**Exercise brief:**
Nothing but the lines from the one containing "Rowan Abstract Pure" through the one containing "图1. 多发性硬化症、中风、阿尔茨海默病和帕金森病的神经炎症成因", both included, should be given again, each exactly as written below.

**Records for this task:**
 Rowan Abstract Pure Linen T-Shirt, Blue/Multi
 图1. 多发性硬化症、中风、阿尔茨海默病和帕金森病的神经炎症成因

* * *

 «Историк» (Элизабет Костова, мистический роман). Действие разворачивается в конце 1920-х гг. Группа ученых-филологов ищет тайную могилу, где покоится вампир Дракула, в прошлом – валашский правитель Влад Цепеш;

...

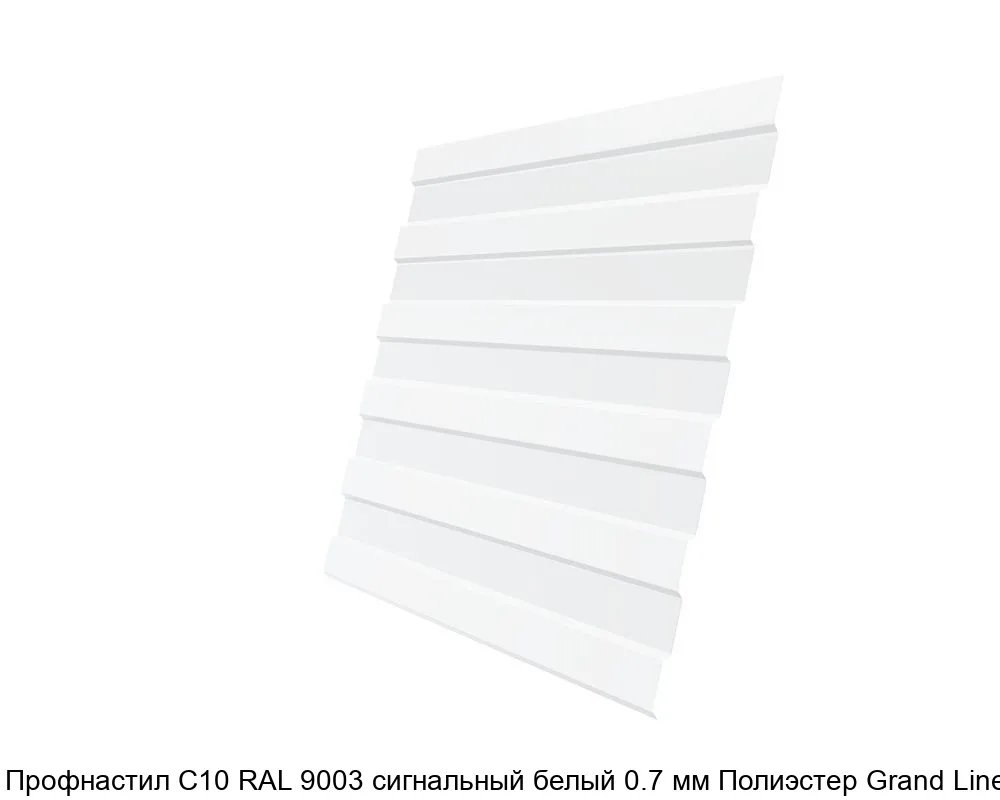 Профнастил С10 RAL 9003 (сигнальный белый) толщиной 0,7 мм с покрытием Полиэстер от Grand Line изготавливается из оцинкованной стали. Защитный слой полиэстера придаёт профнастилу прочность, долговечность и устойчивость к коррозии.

**Completed exercise:**
 Rowan Abstract Pure Linen T-Shirt, Blue/Multi
 图1. 多发性硬化症、中风、阿尔茨海默病和帕金森病的神经炎症成因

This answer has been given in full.